## INSTRUCTIONS FOR THE TASK
Lines from the one with "(vragen om de bal)" up to and including the one with "持续未破位的阻力位 ,阻力价格9.67,可信任强度83.02%,其距离最后价格8.23相差 +17.53%" are to be copied exactly from the records below, without their pictures.

## TASK INPUT
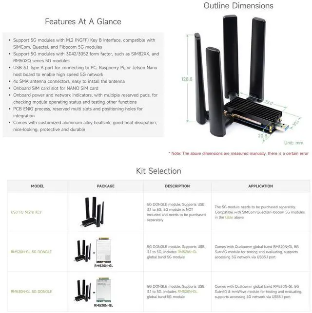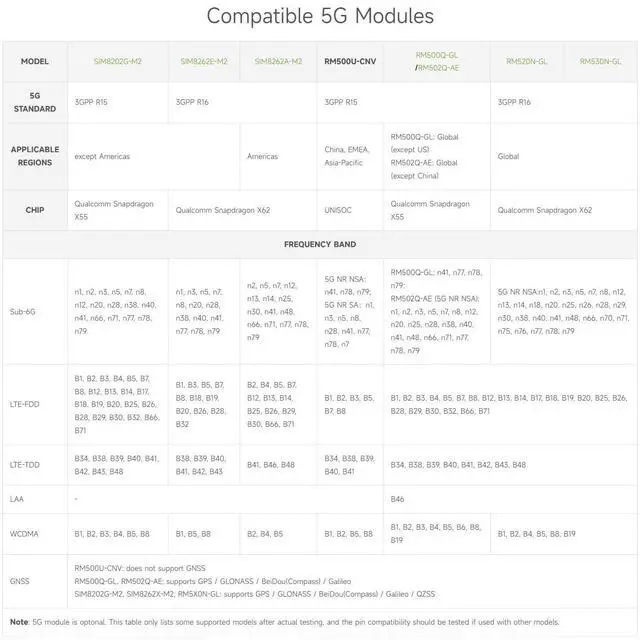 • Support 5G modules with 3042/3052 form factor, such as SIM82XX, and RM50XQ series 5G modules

* * *

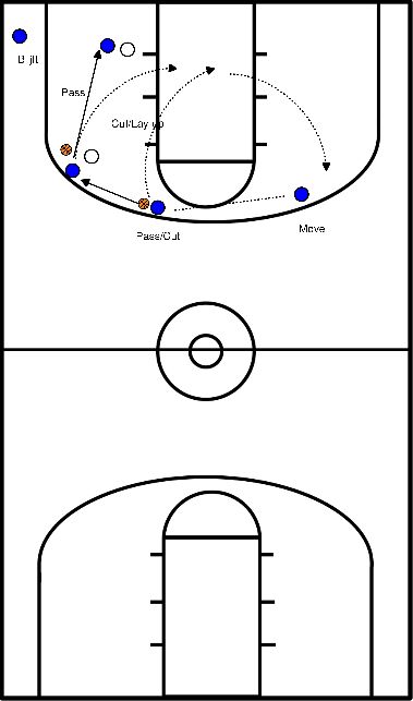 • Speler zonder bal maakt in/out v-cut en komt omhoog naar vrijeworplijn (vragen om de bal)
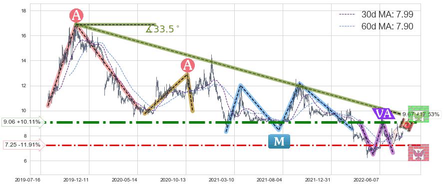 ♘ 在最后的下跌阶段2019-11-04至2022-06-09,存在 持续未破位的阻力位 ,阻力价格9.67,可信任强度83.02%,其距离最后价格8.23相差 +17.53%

## ANSWER TO THE EXERCISE
 • Speler zonder bal maakt in/out v-cut en komt omhoog naar vrijeworplijn (vragen om de bal)
 ♘ 在最后的下跌阶段2019-11-04至2022-06-09,存在 持续未破位的阻力位 ,阻力价格9.67,可信任强度83.02%,其距离最后价格8.23相差 +17.53%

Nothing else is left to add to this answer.